Thai actor (born 1992)

Pruk Panich (พฤกษ์ พานิช, born 10 September 1992), nicknamed Zee (ซี), is a Thai actor.

== Early life and education ==
Panich grew up in Chiang Rai with his two older sisters. After graduating from high school in his hometown, he moved to Bangkok, where he majored in Advertising from the Faculty of Communication Arts of Bangkok University. As a child, he loved traveling and wanted to be a flight attendant or an actor, while in high school he started reading a lot of magazines and dreamed of becoming a model.

== Career ==
Panich entered the entertainment industry through his friend Max Kornthas Rujeerattanavorapan as one of the hosts of the travel program Domundi on YouTube. Later, in December 2018, he starred in the movie Sugar Café. In 2019 he was cast in the main role of Fighter in the TV series Why R U?, which aired the following year. Thanks to Why R U?, he rose to fame, winning the Rising Actor of the Year Award at Kazz Awards in 2021.
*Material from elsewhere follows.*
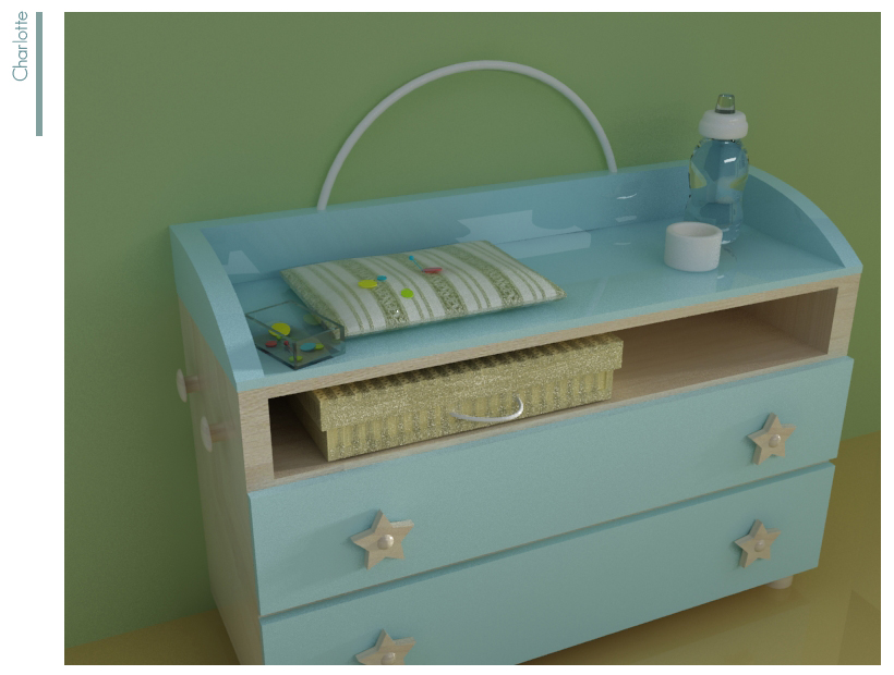 1.- Creo que le has puesto demasiados reflejos a la zona azul dónde está el biberón y demás.

In 2022 he was coupled with Chawarin Perdpiriyawong (NuNew) in Cutie Pie, playing businessman Lian Kilen Wang: the success of the BL romance series shot him to stardom overnight, both in Thailand and abroad, and Howe Magazine included him in the list of the 50 most influential people of the year. Between 2022 and 2023, Panich was nominated for several awards for his performance in Cutie Pie, and won Y Actor of the Year at Feed Y Capital Awards, Best Actor of the Year at Kazz Awards, Actor of the Year at Sudsapda Y Awards, Youth Favorite Actor at Thailand Master Youth, and Best Lead Actor at YUniverse Awards. He reprised his role in 2023 both in the sequel Cutie Pie 2 You and the spin-off Naughty Babe. In the meantime, Panich starred in the movie After Sundown, and the TV series One Night Stand and Spice and Spell.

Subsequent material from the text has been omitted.